(INPUT DATA)

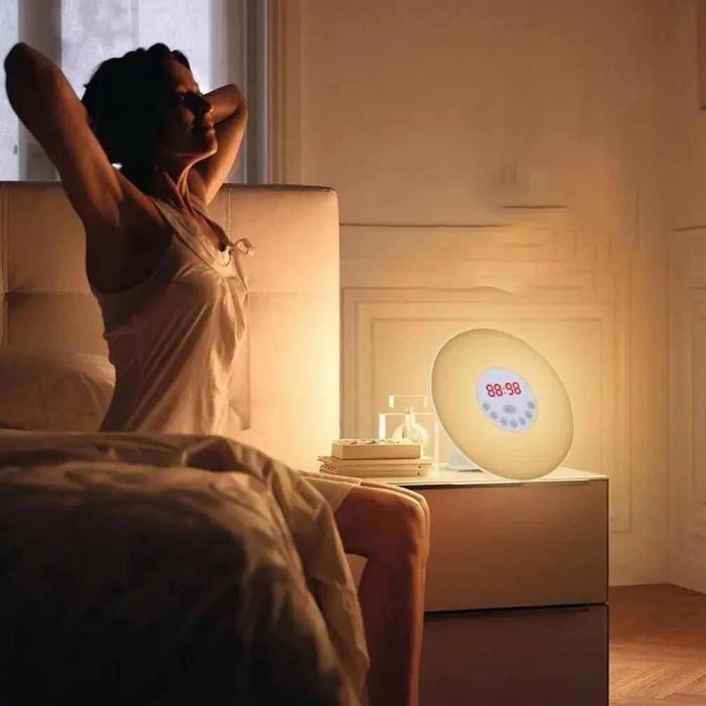 1. Интеллектуальное моделирование восхода/заката: с будильником имитирует прибл. 10-60 минут восхода солнца, постепенно увеличивая светильник от 10% до 100% и 10-120 минут заката, мягко затемняя светильник от 100% до 0%.
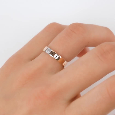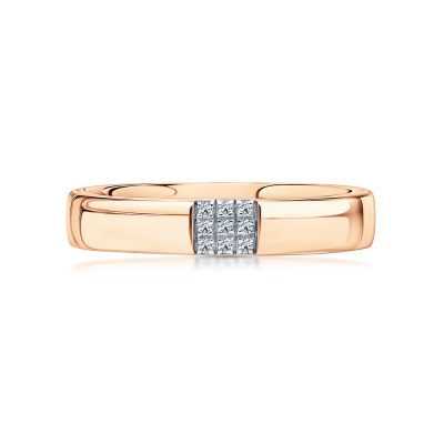 Кольцо с 9 бриллиантами природными, 0.04 карат, огранка круг 17 граней, цвет 2, чистота 2, тип огранки А; Розовое золото 585 пробы.
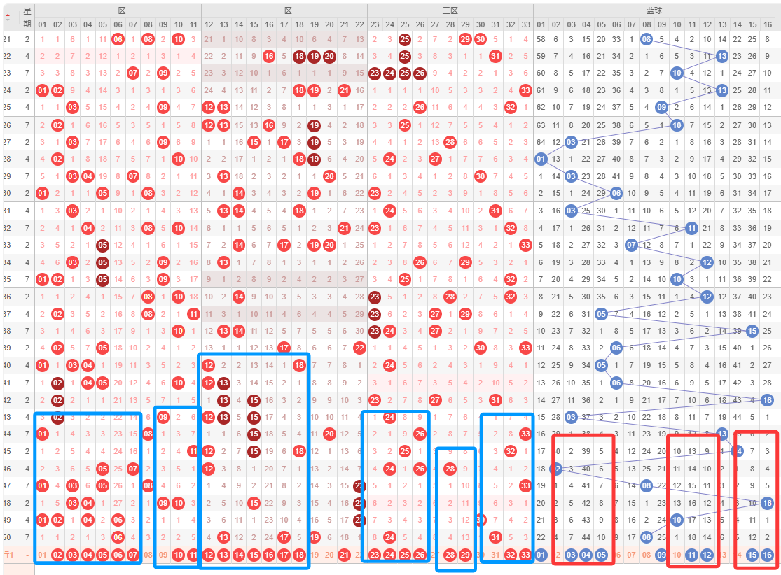 红球平均遗漏值小于5、遗漏期数已超过最大遗漏值的号码:红球1-2-3-4-5-8-9-10-13-15-19-21-23-24-25-26-32-33,预防1-2个更为稳妥;
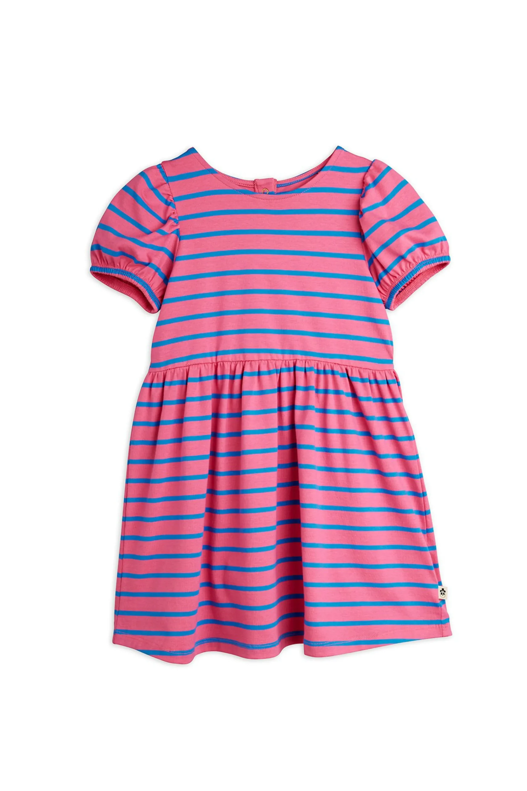 Dress made from 95% organic cotton and 5% elastane. Features short sleeves, with a gathered waist for a playful, flared skirt.
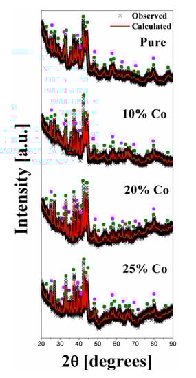 Rietveld refinement allowed us to determine the type of structures with these alloys. The parameter values for samples with a stoichiometry of Nd16Fe76−xCoxB8 with x = 0, 10, 20 and 25 are reported in Table 1. These data indicate that the crystallite size for Nd1.1Fe4B4 and Nd2Fe14B phases was in the nanometer range, from 5 to 90 nm. The crystallite size parallel to the Nd1.1Fe4B4 and Nd2Fe14B phases increases with increased concentrations of cobalt. It can be noted that the two phases of parallel crystallite sizes are greater than the perpendicular ones, indicating that the crystallite shape is not spherical but elongated in that direction. The refinement of the mean crystallite size of the hard phase is required in order to obtain higher remanence values [46,47] and to increase the ferromagnetic exchange coupling between the soft and hard grains [10]. The obtained values of the crystallite size indicate that these melted alloys are nanostructured.
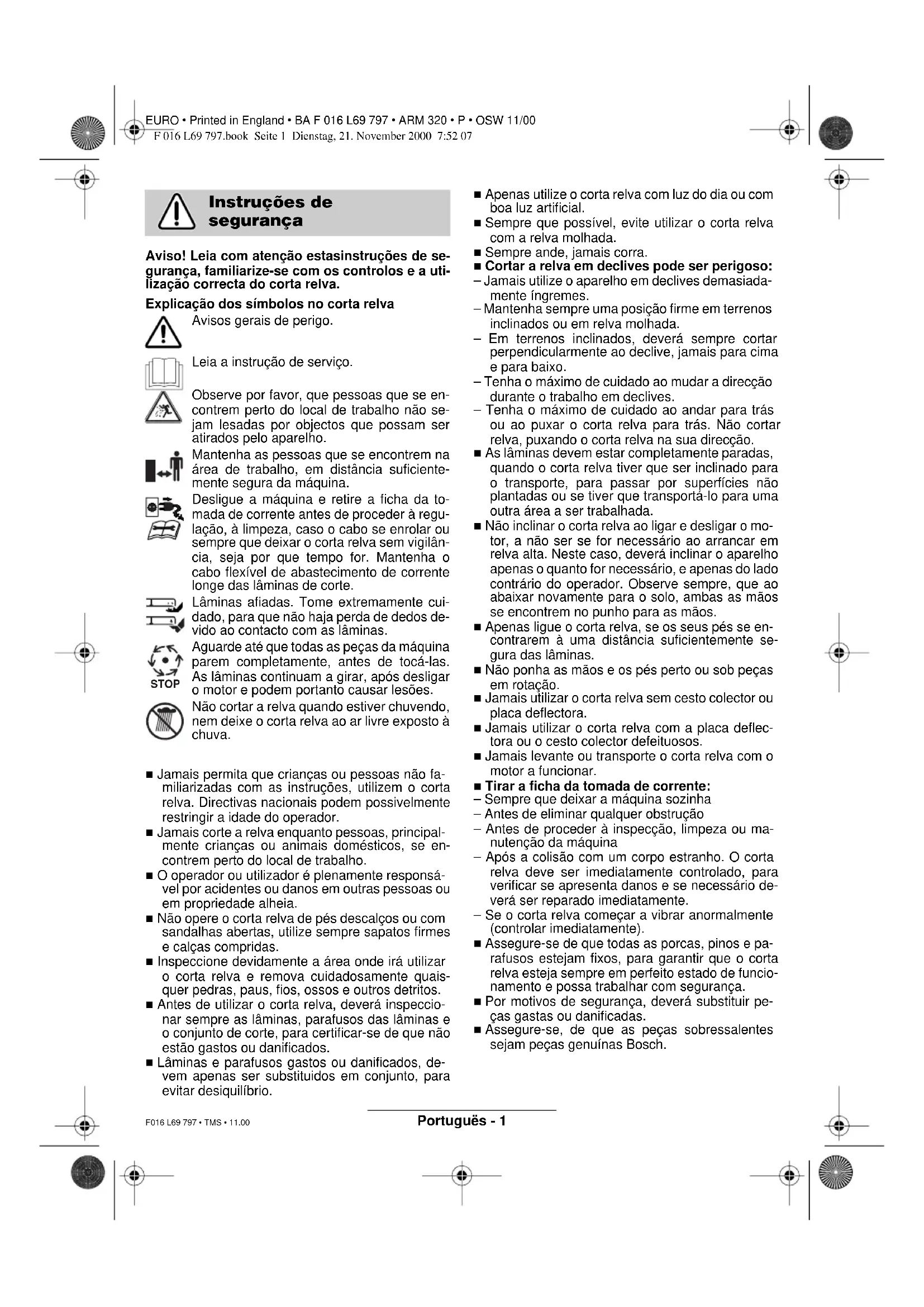Aviso! Leia com atenção estasinstruções de se- gurança, familiarize-se com os controlos e a uti- lização correcta do corta relva. Explicação dos símbolos no corta relva Avisos gerais de perigo. Leia a instrução de serviço. Observe por favor, que pessoas que se en- contrem perto do local de trabalho não se- jam lesadas por objectos que possam ser atirados pelo aparelho. Mantenha as pessoas que se encontrem na área de trabalho, em distância suficiente- mente segura da máquina. Desligue a máquina e retire a ficha da to- mada de corrente antes de proceder à regu- lação, à limpeza, caso o cabo se enrolar ou sempre que deixar o corta relva sem vigilân- cia, seja por que tempo for. Mantenha o cabo flexível de abastecimento de corrente longe das lâminas de corte. Lâminas afiadas. Tome extremamente cui- dado, para que não haja perda de dedos de- vido ao contacto com as lâminas. Aguarde até que todas as peças da máquina parem completamente, antes de tocá-las. As lâminas continuam a girar, após desligar o motor e podem portanto causar lesões. Não cortar a relva quando estiver chuvendo, nem deixe o corta relva ao ar livre exposto à chuva. ■ Jamais permita que crianças ou pessoas não fa- miliarizadas com as instruções, utilizem o corta relva. Directivas nacionais podem possivelmente restringir a idade do operador. ■ Jamais corte a relva enquanto pessoas, principal- mente crianças ou animais domésticos, se en- contrem perto do local de trabalho. ■ O operador ou utilizador é plenamente responsá- vel por acidentes ou danos em outras pessoas ou em propriedade alheia. ■ Não opere o corta relva de pés descalços ou com sandalhas abertas, utilize sempre sapatos firmes e calças compridas. ■ Inspeccione devidamente a área onde irá utilizar o corta relva e remova cuidadosamente quais- quer pedras, paus, fios, ossos e outros detritos. ■ Antes de utilizar o corta relva, deverá inspeccio- nar sempre as lâminas, parafusos das lâminas e o conjunto de corte, para certificar-se de que não estão gastos ou danificados. ■ Lâminas e parafusos gastos ou danificados, de- vem apenas ser substituidos em conjunto, para evitar desiquilíbrio. ■ Apenas utilize o corta relva com luz do dia ou com boa luz artificial. ■ Sempre que possível, evite utilizar o corta relva com a relva molhada. ■ Sempre ande, jamais corra. ■ Cortar a relva em declives pode ser perigoso: – Jamais utilize o aparelho em declives demasiada- mente íngremes. – Mantenha sempre uma posição firme em terrenos inclinados ou em relva molhada. – Em terrenos inclinados, deverá sempre cortar perpendicularmente ao declive, jamais para cima e para baixo. – Tenha o máximo de cuidado ao mudar a direcção durante o trabalho em declives. – Tenha o máximo de cuidado ao andar para trás ou ao puxar o corta relva para trás. Não cortar relva, puxando o corta relva na sua direcção. ■ As lâminas devem estar completamente paradas, quando o corta relva tiver que ser inclinado para o transporte, para passar por superfícies não plantadas ou se tiver que transportá-lo para uma outra área a ser trabalhada. ■ Não inclinar o corta relva ao ligar e desligar o mo- tor, a não ser se for necessário ao arrancar em relva alta. Neste caso, deverá inclinar o aparelho apenas o quanto for necessário, e apenas do lado contrário do operador. Observe sempre, que ao abaixar novamente para o solo, ambas as mãos se encontrem no punho para as mãos. ■ Apenas ligue o corta relva, se os seus pés se en- contrarem à uma distância suficientemente se- gura das lâminas. ■ Não ponha as mãos e os pés perto ou sob peças em rotação. ■ Jamais utilizar o corta relva sem cesto colector ou placa deflectora. ■ Jamais utilizar o corta relva com a placa deflec- tora ou o cesto colector defeituosos. ■ Jamais levante ou transporte o corta relva com o motor a funcionar. ■ Tirar a ficha da tomada de corrente: – Sempre que deixar a máquina sozinha – Antes de eliminar qualquer obstrução – Antes de proceder à inspecção, limpeza ou ma- nutenção da máquina – Após a colisão com um corpo estranho. O corta relva deve ser imediatamente controlado, para verificar se apresenta danos e se necessário de- verá ser reparado imediatamente. – Se o corta relva começar a vibrar anormalmente (controlar imediatamente). ■ Assegure-se de que todas as porcas, pinos e pa- rafusos estejam fixos, para garantir que o corta relva esteja sempre em perfeito estado de funcio- namento e possa trabalhar com segurança. ■ Por motivos de segurança, deverá substituir pe- ças gastas ou danificadas. ■ Assegure-se, de que as peças sobressalentes sejam peças genuínas Bosch. Instruções de segurança STOP F 016 L69 797.book Seite 1 Dienstag, 21. November 2000 7:52 07Portuguës - 2 EURO • Printed in England • BA F 016 L69 797 • ARM 320 • P • OSW 11/00 F016 L69 797 • 11.00 Corta relva silencioso ARM 320 N° de encomenda 0 600 899 0.. Potência nominal absorvida 950 W Largura da lâmina 32 cm Altura de corte 24 - 70 mm Volume do cesto colector 35 l Peso 12 kg Classe de protecção / II Número de série veja as indicações de potência na máquina Este produto funciona a um nível de ruído extrema- mente baixo, referindo-se às directivas vigentes no seu país. Este produto é concebido para o corte de relva do- méstico. Este manual contém instruções sobre a montagem correcta e a utilização segura da sua máquina. É im- portante ler atentamente estas instruções. A máquina totalmente montada pesa aprox. 12 kg. Se necessário, peça auxílio para retirar a máquina da embalagem. Tome atenção com as lâminas afiadas ao transpor- tar o corta relva para o local de trabalho. Retire cuidadosamente o corta relva da embalagem e certifique-se que esta contém as seguintes peças: – Corta relva com suporte de rodagem – 2 Partes inferiores do punho – 2 Parafusos – 2 Porcas de

(End INPUT DATA)

* EXERCISE OBJECTIVE
If a record contains a picture, leave the picture out; repeat the record itself exactly.

* TASK OUTPUT
 1. Интеллектуальное моделирование восхода/заката: с будильником имитирует прибл. 10-60 минут восхода солнца, постепенно увеличивая светильник от 10% до 100% и 10-120 минут заката, мягко затемняя светильник от 100% до 0%.
 Кольцо с 9 бриллиантами природными, 0.04 карат, огранка круг 17 граней, цвет 2, чистота 2, тип огранки А; Розовое золото 585 пробы.
 红球平均遗漏值小于5、遗漏期数已超过最大遗漏值的号码:红球1-2-3-4-5-8-9-10-13-15-19-21-23-24-25-26-32-33,预防1-2个更为稳妥;
 Dress made from 95% organic cotton and 5% elastane. Features short sleeves, with a gathered waist for a playful, flared skirt.
 Rietveld refinement allowed us to determine the type of structures with these alloys. The parameter values for samples with a stoichiometry of Nd16Fe76−xCoxB8 with x = 0, 10, 20 and 25 are reported in Table 1. These data indicate that the crystallite size for Nd1.1Fe4B4 and Nd2Fe14B phases was in the nanometer range, from 5 to 90 nm. The crystallite size parallel to the Nd1.1Fe4B4 and Nd2Fe14B phases increases with increased concentrations of cobalt. It can be noted that the two phases of parallel crystallite sizes are greater than the perpendicular ones, indicating that the crystallite shape is not spherical but elongated in that direction. The refinement of the mean crystallite size of the hard phase is required in order to obtain higher remanence values [46,47] and to increase the ferromagnetic exchange coupling between the soft and hard grains [10]. The obtained values of the crystallite size indicate that these melted alloys are nanostructured.
Aviso! Leia com atenção estasinstruções de se- gurança, familiarize-se com os controlos e a uti- lização correcta do corta relva. Explicação dos símbolos no corta relva Avisos gerais de perigo. Leia a instrução de serviço. Observe por favor, que pessoas que se en- contrem perto do local de trabalho não se- jam lesadas por objectos que possam ser atirados pelo aparelho. Mantenha as pessoas que se encontrem na área de trabalho, em distância suficiente- mente segura da máquina. Desligue a máquina e retire a ficha da to- mada de corrente antes de proceder à regu- lação, à limpeza, caso o cabo se enrolar ou sempre que deixar o corta relva sem vigilân- cia, seja por que tempo for. Mantenha o cabo flexível de abastecimento de corrente longe das lâminas de corte. Lâminas afiadas. Tome extremamente cui- dado, para que não haja perda de dedos de- vido ao contacto com as lâminas. Aguarde até que todas as peças da máquina parem completamente, antes de tocá-las. As lâminas continuam a girar, após desligar o motor e podem portanto causar lesões. Não cortar a relva quando estiver chuvendo, nem deixe o corta relva ao ar livre exposto à chuva. ■ Jamais permita que crianças ou pessoas não fa- miliarizadas com as instruções, utilizem o corta relva. Directivas nacionais podem possivelmente restringir a idade do operador. ■ Jamais corte a relva enquanto pessoas, principal- mente crianças ou animais domésticos, se en- contrem perto do local de trabalho. ■ O operador ou utilizador é plenamente responsá- vel por acidentes ou danos em outras pessoas ou em propriedade alheia. ■ Não opere o corta relva de pés descalços ou com sandalhas abertas, utilize sempre sapatos firmes e calças compridas. ■ Inspeccione devidamente a área onde irá utilizar o corta relva e remova cuidadosamente quais- quer pedras, paus, fios, ossos e outros detritos. ■ Antes de utilizar o corta relva, deverá inspeccio- nar sempre as lâminas, parafusos das lâminas e o conjunto de corte, para certificar-se de que não estão gastos ou danificados. ■ Lâminas e parafusos gastos ou danificados, de- vem apenas ser substituidos em conjunto, para evitar desiquilíbrio. ■ Apenas utilize o corta relva com luz do dia ou com boa luz artificial. ■ Sempre que possível, evite utilizar o corta relva com a relva molhada. ■ Sempre ande, jamais corra. ■ Cortar a relva em declives pode ser perigoso: – Jamais utilize o aparelho em declives demasiada- mente íngremes. – Mantenha sempre uma posição firme em terrenos inclinados ou em relva molhada. – Em terrenos inclinados, deverá sempre cortar perpendicularmente ao declive, jamais para cima e para baixo. – Tenha o máximo de cuidado ao mudar a direcção durante o trabalho em declives. – Tenha o máximo de cuidado ao andar para trás ou ao puxar o corta relva para trás. Não cortar relva, puxando o corta relva na sua direcção. ■ As lâminas devem estar completamente paradas, quando o corta relva tiver que ser inclinado para o transporte, para passar por superfícies não plantadas ou se tiver que transportá-lo para uma outra área a ser trabalhada. ■ Não inclinar o corta relva ao ligar e desligar o mo- tor, a não ser se for necessário ao arrancar em relva alta. Neste caso, deverá inclinar o aparelho apenas o quanto for necessário, e apenas do lado contrário do operador. Observe sempre, que ao abaixar novamente para o solo, ambas as mãos se encontrem no punho para as mãos. ■ Apenas ligue o corta relva, se os seus pés se en- contrarem à uma distância suficientemente se- gura das lâminas. ■ Não ponha as mãos e os pés perto ou sob peças em rotação. ■ Jamais utilizar o corta relva sem cesto colector ou placa deflectora. ■ Jamais utilizar o corta relva com a placa deflec- tora ou o cesto colector defeituosos. ■ Jamais levante ou transporte o corta relva com o motor a funcionar. ■ Tirar a ficha da tomada de corrente: – Sempre que deixar a máquina sozinha – Antes de eliminar qualquer obstrução – Antes de proceder à inspecção, limpeza ou ma- nutenção da máquina – Após a colisão com um corpo estranho. O corta relva deve ser imediatamente controlado, para verificar se apresenta danos e se necessário de- verá ser reparado imediatamente. – Se o corta relva começar a vibrar anormalmente (controlar imediatamente). ■ Assegure-se de que todas as porcas, pinos e pa- rafusos estejam fixos, para garantir que o corta relva esteja sempre em perfeito estado de funcio- namento e possa trabalhar com segurança. ■ Por motivos de segurança, deverá substituir pe- ças gastas ou danificadas. ■ Assegure-se, de que as peças sobressalentes sejam peças genuínas Bosch. Instruções de segurança STOP F 016 L69 797.book Seite 1 Dienstag, 21. November 2000 7:52 07Portuguës - 2 EURO • Printed in England • BA F 016 L69 797 • ARM 320 • P • OSW 11/00 F016 L69 797 • 11.00 Corta relva silencioso ARM 320 N° de encomenda 0 600 899 0.. Potência nominal absorvida 950 W Largura da lâmina 32 cm Altura de corte 24 - 70 mm Volume do cesto colector 35 l Peso 12 kg Classe de protecção / II Número de série veja as indicações de potência na máquina Este produto funciona a um nível de ruído extrema- mente baixo, referindo-se às directivas vigentes no seu país. Este produto é concebido para o corte de relva do- méstico. Este manual contém instruções sobre a montagem correcta e a utilização segura da sua máquina. É im- portante ler atentamente estas instruções. A máquina totalmente montada pesa aprox. 12 kg. Se necessário, peça auxílio para retirar a máquina da embalagem. Tome atenção com as lâminas afiadas ao transpor- tar o corta relva para o local de trabalho. Retire cuidadosamente o corta relva da embalagem e certifique-se que esta contém as seguintes peças: – Corta relva com suporte de rodagem – 2 Partes inferiores do punho – 2 Parafusos – 2 Porcas de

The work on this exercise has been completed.